В Миассе я впервые увидел настоящий русский рынок, с непременной тогда барахолкой. Денег у нас не было, но на рынок мы все равно ходили — что-то разглядывали, приценивались. Как-то толстая баба, торговавшая пирожками, стала рассказывать, что мальчишки подсунули ей рисованную сторублевку и удрали. (Сто тогдашних рублей были как при Брежневе десять.) Я попросил показать поддельную сотню, рассмотрел ее и понял, что «фальшивомонетчик» имел несомненный талант: хорошо передал главное — рисунок и цветовую гамму, то есть то, что образует зрительное впечатление от денег. Я попросил торговку отдать мне это «творение», она отдала: «Бери, что мне с ней делать?» Добродушная баба. Довольно долго я хранил эту «сторублевку» среди своих рисунков, а после она куда-то делась. Сейчас очень жалею об этой утрате, как и о многом другом потерянном или просто легкомысленно выброшенном. Представьте себе, что я показал бы вам эту «сотню»: «Вот сторублевка сталинского времени, нарисованная в 1944 году каким-то мальчишкой из Миасса». Каково?

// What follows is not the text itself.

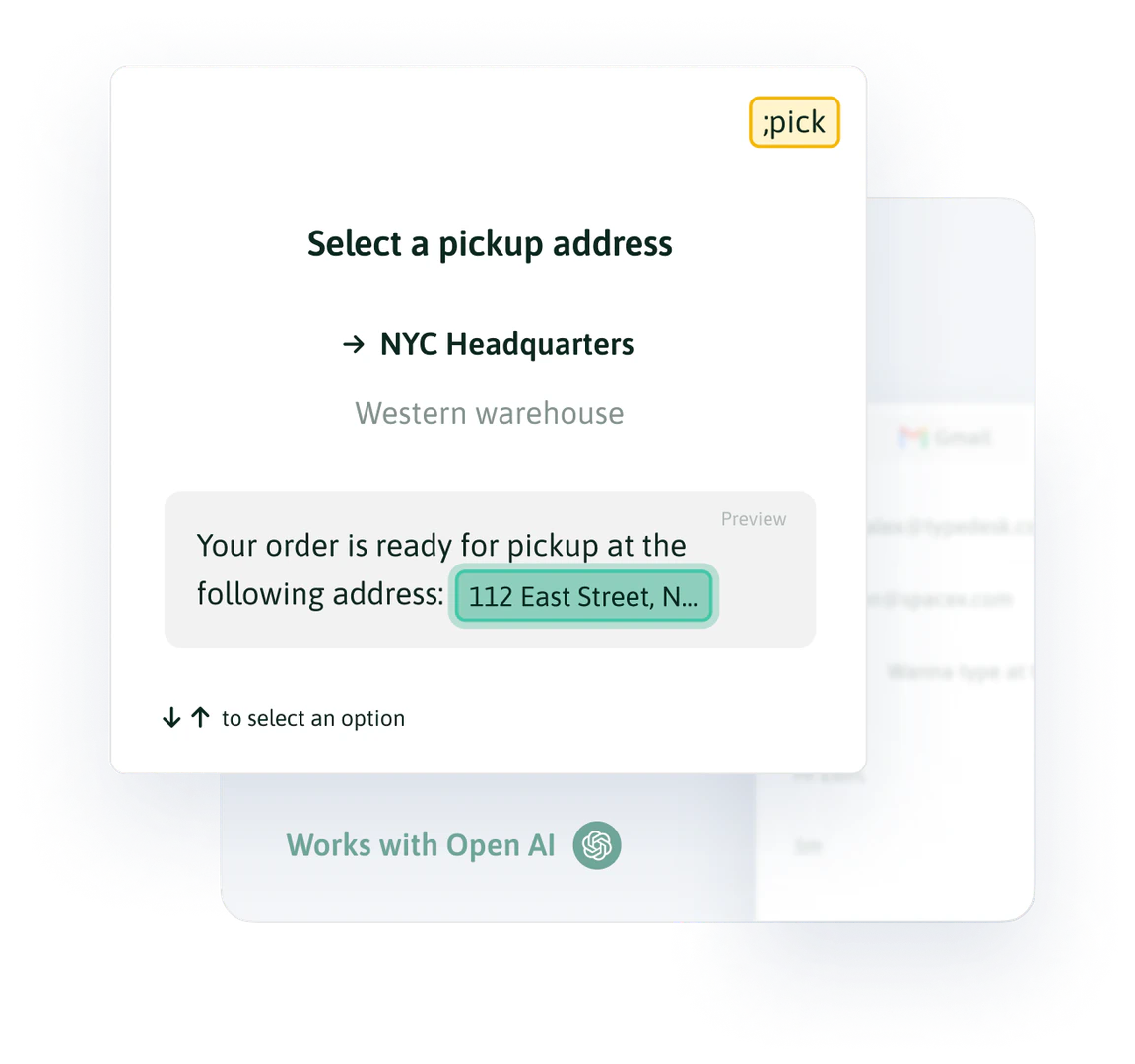 - Document Preparation: Use Typedesk to insert frequently used information into contracts, proposals, or legal documents, ensuring accuracy and saving time.

В Миассе нас часто кормили морковной кашей. Это запомнилось, потому что нигде больше я этой каши не ел. Странного вкуса, сладкая, но с каким-то неприятным, надолго остающимся горьким привкусом, как от картофельного или свекольного сока. Не все могли доесть свою порцию, однако, надо полагать, морковь изрядно укрепила наше тело и кровь.
Интересно, что в Миассе нас с седьмого класса впервые стали учить в обычных школах вместе с другими советскими ребятами, но отдельными группами. И хорошо: так мы привыкали к совместной общей жизни в Советском Союзе.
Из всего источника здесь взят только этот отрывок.